The biggest problem has been at long-term care facilities such as nursing homes and rehabilitation centers. The Utah Department of Health said, as of Friday, 826 health care workers at long-term facilities have contracted the virus.
Finding labor was difficult for these centers even before the pandemic, and staffing troubles have only grown worse at long-term care facilities where outbreaks have occurred.
Allie Spangler, director of membership for the Utah Health Care Association, said Friday that the Utah National Guard recently had to provide staff at one facility, Medallion Manor in Provo.
Representatives of Utah’s three major hospital networks, Intermountain Healthcare, University of Utah Health and MountainStar Healthcare, all said they have not yet had staffing shortages due to workers contracting the coronavirus.
Utah’s medical sector has warned repeatedly, however, that continued outbreaks among the general populace are increasing the number of patients needing hospitalization. That could strain health care workers, placing them at further risk, and cut into staffing at hospitals.
Not surprisingly, health care professionals have been deemed essential employees. If they are exposed to the virus but do not show symptoms, they can be exempt from quarantine recommendations and report to work, according to the Centers for Disease Control and Prevention.
Trevor Warner, a spokesman for the Davis County Health Department, which has reported 210 infected medical workers, said a national conversation took place early in the pandemic about how to manage critical infrastructure employees.
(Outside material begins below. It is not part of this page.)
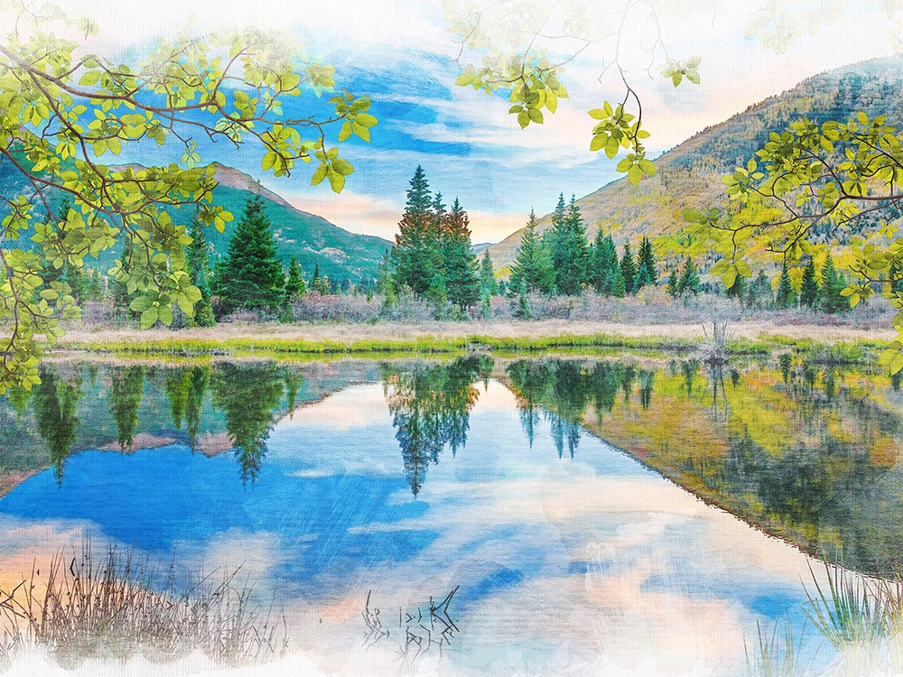 A serene mountain scene reflected in water, with soft blues, greens, and touches of pink.

The consensus: It would be too devastating to close a hospital.
“While it’s not ideal” to have exposed — though still seemingly healthy — medical professionals working, Warner said Friday, “it’s one of those things that’s been deemed necessary to keep these essential businesses open for our public.”
‘A tall order'
Simonis and her husband, Dean Tanner, are both emergency room doctors for Indian Health Service. They live in Salt Lake City and commute to the Navajo and Hopi nations every two weeks to work.
They left Salt Lake City on March 4, as COVID-19 arrived in the Four Corners region, and stayed on the reservations until June 8.
The COVID-19 tent in Gallup, N.M., where Simonis was working, had plenty of personal protective equipment, she said. Still, the risk of contracting COVID-19 was always in play.
“You’re relying not only on yourself,” she said, “but everybody who’s in that emergency room — the nurses, the patients, the techs — to use their PPE correctly 100% of the time. That’s a tall order.”
Simonis doubts she contracted the virus from a patient, around whom she always wore PPE. Simonis removed the equipment to eat her meals in a break room with other hospital staff. It’s possible, she said, she picked up the virus there or when shopping for groceries.
Her case turned out to be mild. She had two days of fever and about a week of headaches, body aches and nasal congestion. She never developed a cough or grew short of breath — and has returned to work.
Simonis and Tanner have an apartment near their work on the Navajo Nation. When she developed symptoms, her husband traveled to another hospital on the Hopi reservation to work and stay to allow Simonis to isolate.
The following week, Simonis said, he went to a motel. He’s been tested five times, she said, but has never been positive for the virus.
“If I would have had to go home,” Simonis said, “like the nurses I worked with who had their kids at home — how can you isolate yourself when you’re not feeling well? It just seems so difficult to keep this from spreading when you can’t be alone.”